*Task item*: Set down, exactly and only, everything from the line containing "The former bezel" down to the line containing "- シャネル「CHANEL」ショッパー 2枚組" in the data below; the pictures are not part of the copy.

*Given records*:
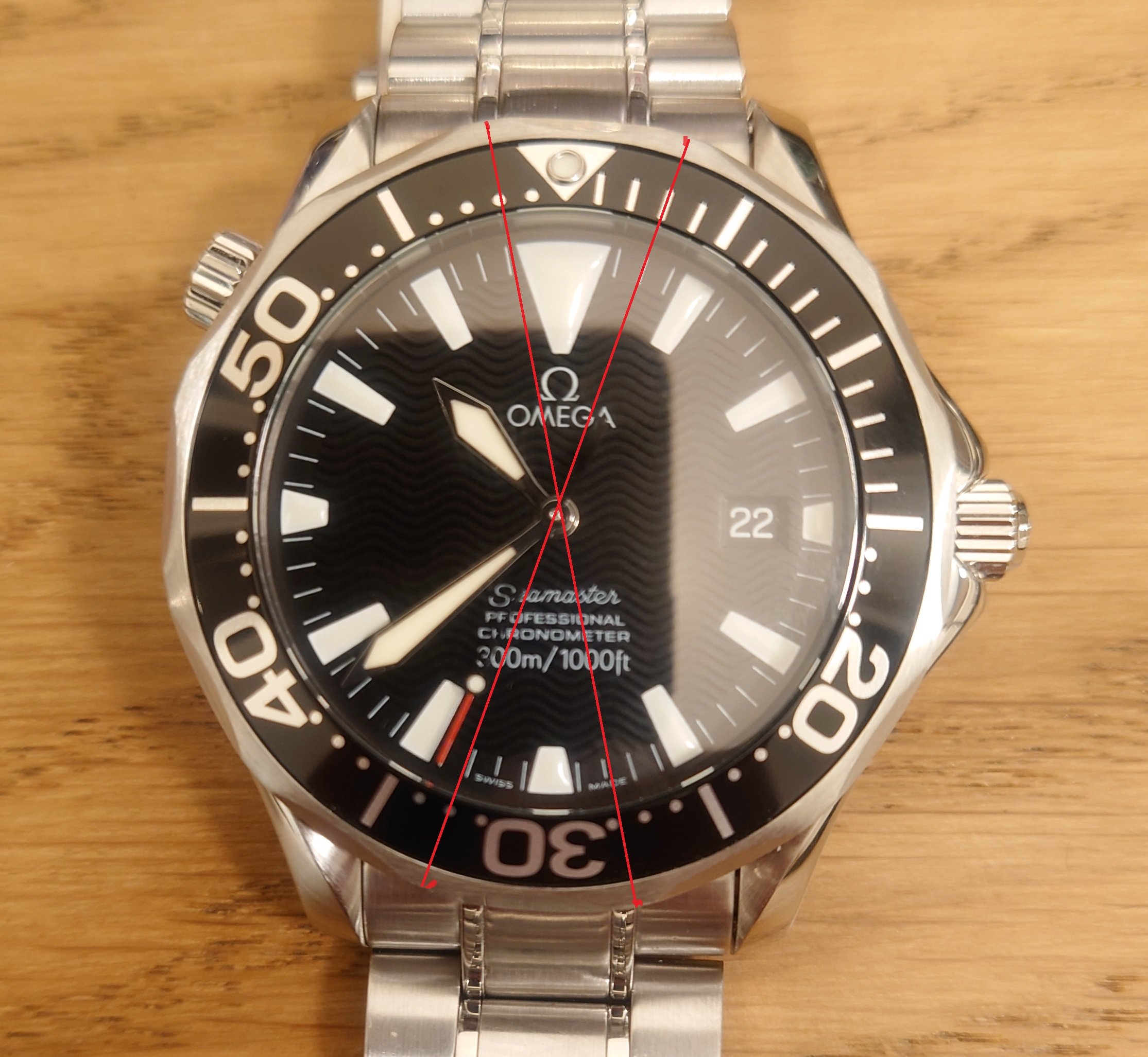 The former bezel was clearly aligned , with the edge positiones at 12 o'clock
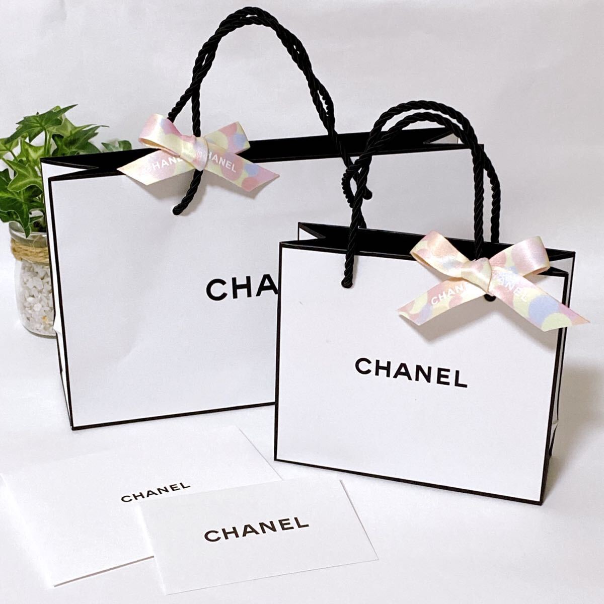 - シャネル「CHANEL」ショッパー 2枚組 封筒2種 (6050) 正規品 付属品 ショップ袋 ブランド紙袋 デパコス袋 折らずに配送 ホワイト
---
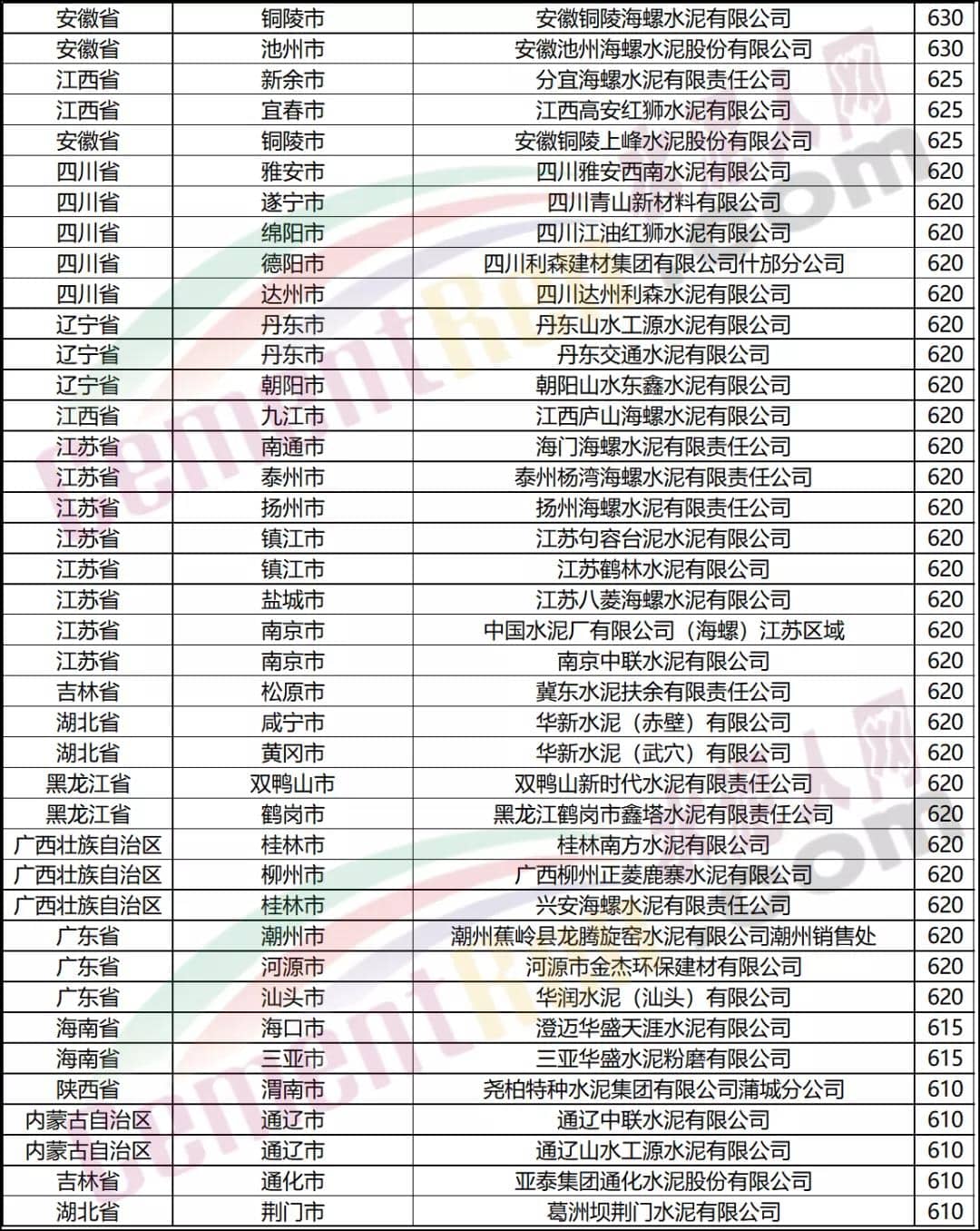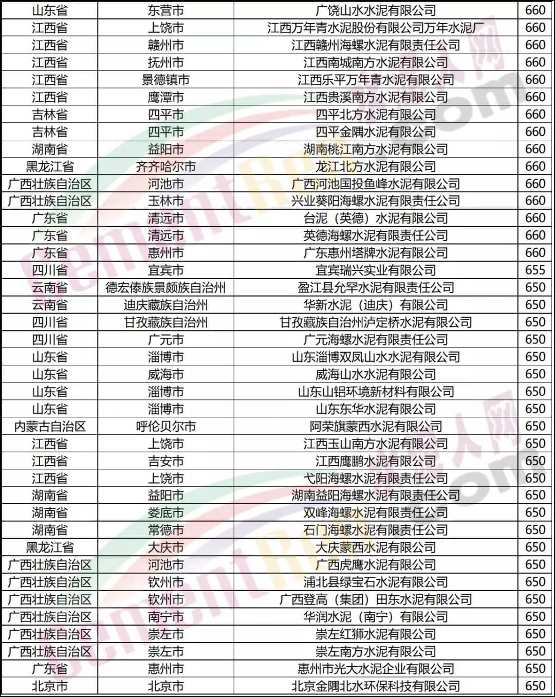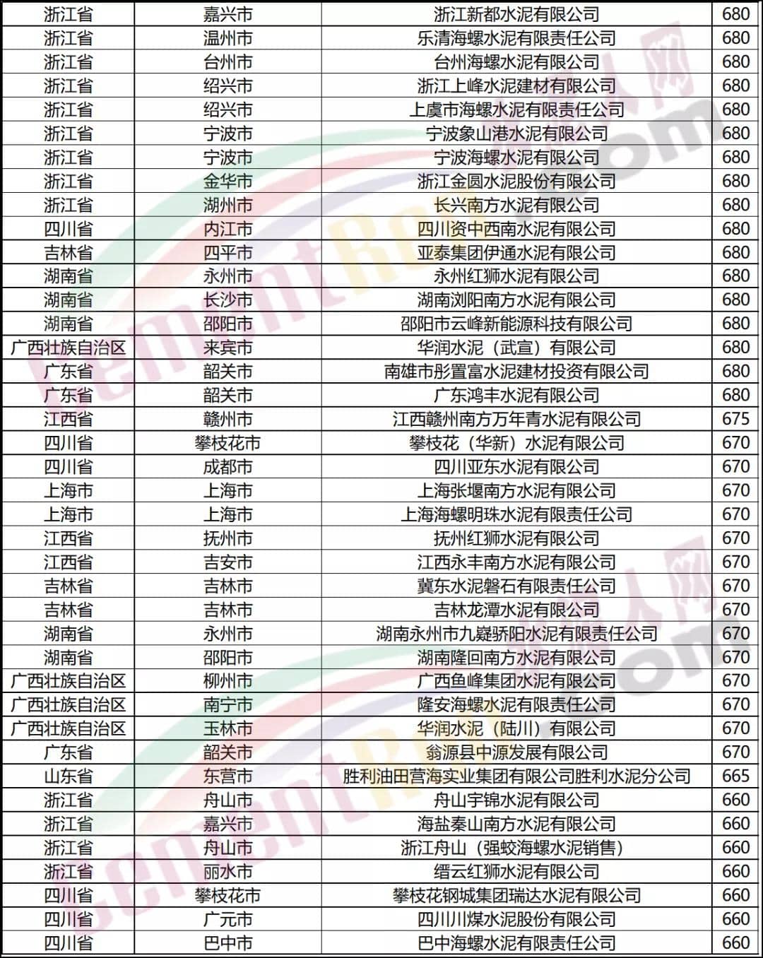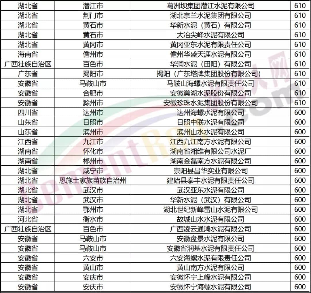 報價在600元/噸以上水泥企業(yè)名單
...
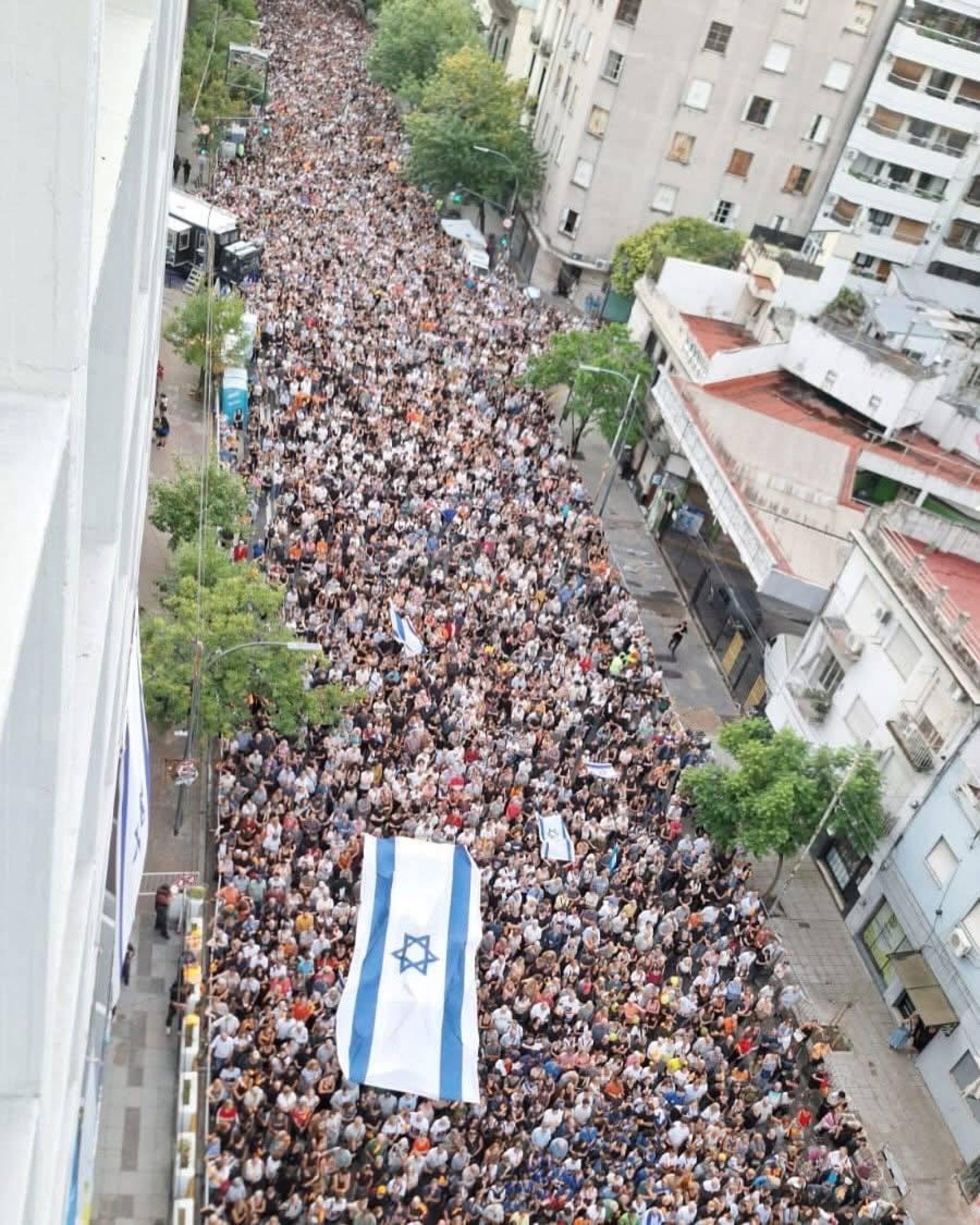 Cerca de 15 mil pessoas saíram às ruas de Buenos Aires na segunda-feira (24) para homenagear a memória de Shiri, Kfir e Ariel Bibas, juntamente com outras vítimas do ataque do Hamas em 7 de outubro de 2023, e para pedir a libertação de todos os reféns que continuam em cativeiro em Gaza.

*Problem solution*:
 The former bezel was clearly aligned , with the edge positiones at 12 o'clock
 - シャネル「CHANEL」ショッパー 2枚組 封筒2種 (6050) 正規品 付属品 ショップ袋 ブランド紙袋 デパコス袋 折らずに配送 ホワイト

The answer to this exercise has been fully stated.